Repossessions — the last stage of the foreclosure process — are down 45 percent from the peak reached in September 2010, in which 102,000 homes were repossessed in foreclosure compared to 56,124 in November 2011.
Following last fall’s robo-signing scandal, banks have been slowing the foreclosure process as they spend more time reviewing paperwork before taking action and doing more loan workouts, which has caused foreclosures to slow the last few months.
But a new wave of foreclosures may be looming in the new year, experts warn.
“Despite a seasonal slowdown similar to what we’ve seen in each of the past four years, November’s numbers suggest a new set of incoming foreclosure waves, many of which may roll into the market as REOs or short sales sometimes early next year,” James Saccacio, CEO of RealtyTrac, told CNNMoney.
Signaling possible trouble ahead in the November data, according to RealtyTrac, is the uptick in bank auctions.
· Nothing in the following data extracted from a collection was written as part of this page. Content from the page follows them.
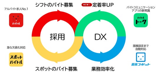 日本最大級のアルバイト・パート求人情報サイト「バイトル」を運営する当社は、ユーザーファーストというフィロソフィーに基づき、スポットワークで優良な働きをする方の待遇を引き上げていくため、日本初の独自機能「Good Job ボーナス」を搭載したスポットのバイトサービス「スポットバイトル」を2024年10月より開始しました。また、人手不足や業務効率に課題を抱える業界・業種での定型業務を自動化するDXサービス「コボット」シリーズを展開しております。この度の「バイトルトーク」開始により、アルバイト従業員と店舗管理者側のコミュニケーションを改善し、労働市場における諸課題の解決につなげてまいります。
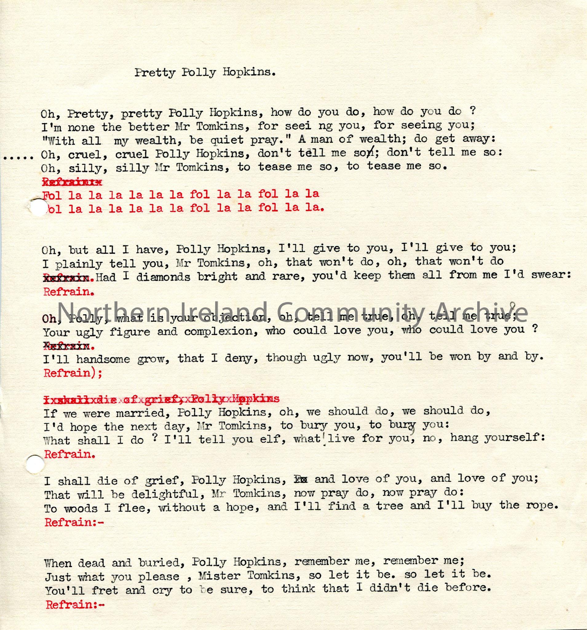 Typed words to ‘Pretty Polly Hopkins’.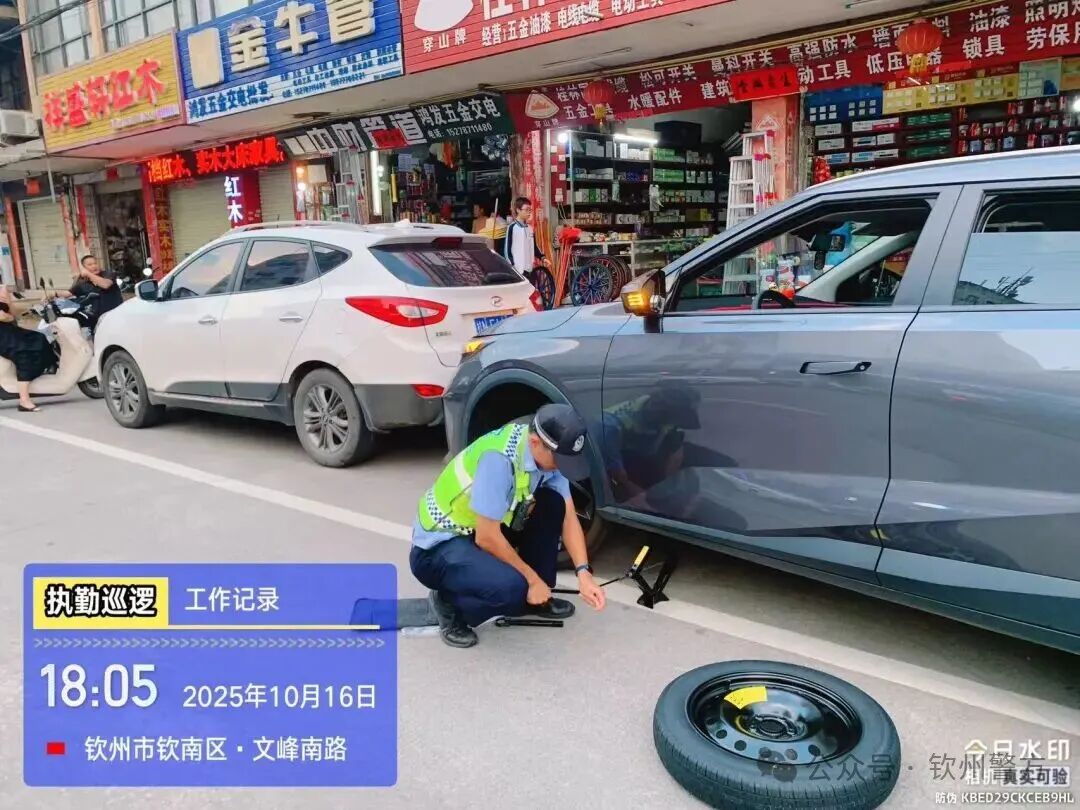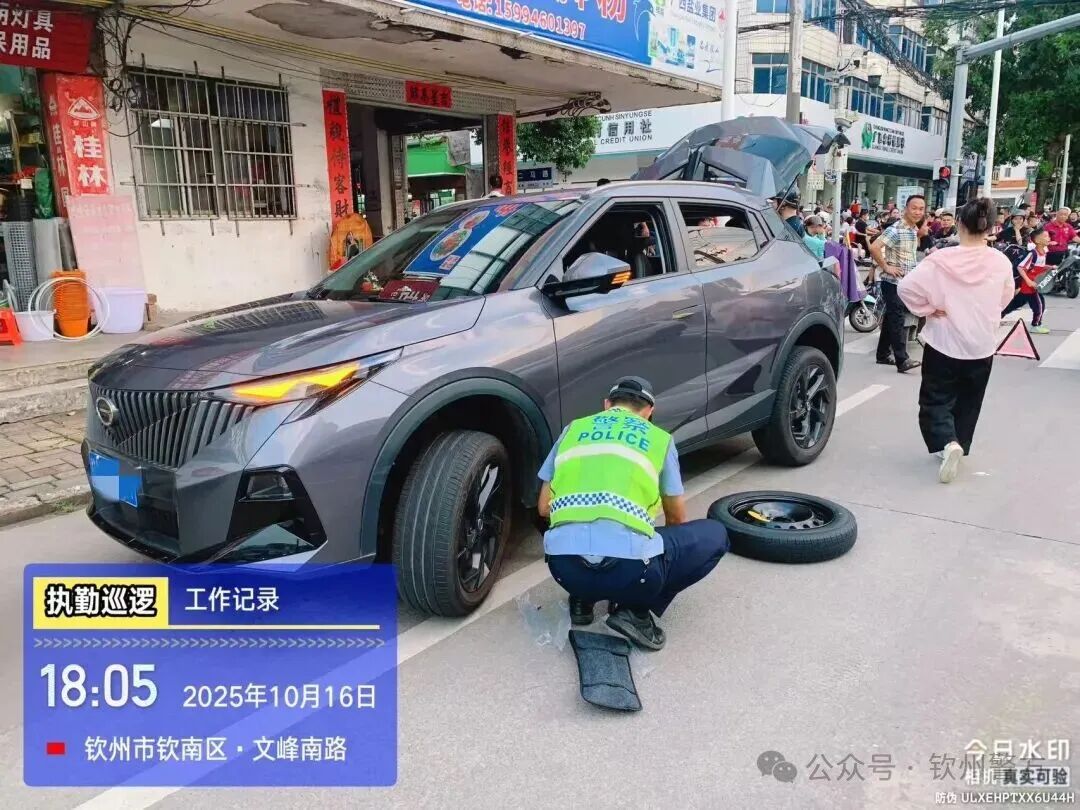 “谢谢你们!辛苦你们。”家属紧握龙拔辉的手再三致谢,二人与家属道别后,便匆匆返回岗位,继续投入晚高峰交通疏导工作。 10分钟紧急换胎,护学岗秒变“救援岗” 10月16日18时许,钦州市第四小学护学岗晚高峰期间,文峰南路车流人流交织,辅警陈超新正疏导交通、保障学生与群众出行安全。 此时,一名车主焦急求助,称其私家车在学校附近左前轮突发爆胎,自己不会换胎,车辆临时停放已造成后方拥堵,存在安全隐患。了解情况后,陈超新先在车后设置警示标识,再从警车后备箱取出千斤顶、扳手等工具,俯身车底开展换胎作业。拆卸破损轮胎、固定备用轮胎、拧紧螺丝,一系列动作娴熟流畅,10分钟后便更换好备用胎,车辆恢复正常行驶。

Scheduled auction sales soared 13 percent in November compared to October. “Many of the new defaults that started the foreclosure process over the past few months are now being scheduled for public foreclosure auction,” Saccacio said.
Yet, one positive signal: Initial default notices — the first notice banks send out to borrowers when they’ve missed a payment — dropped 8 percent in November from October, and is down 9 percent year-over-year.
Source: “Foreclosures Fall, But Outlook Isn’t Bright,” CNNMoney (Dec. 15, 2011)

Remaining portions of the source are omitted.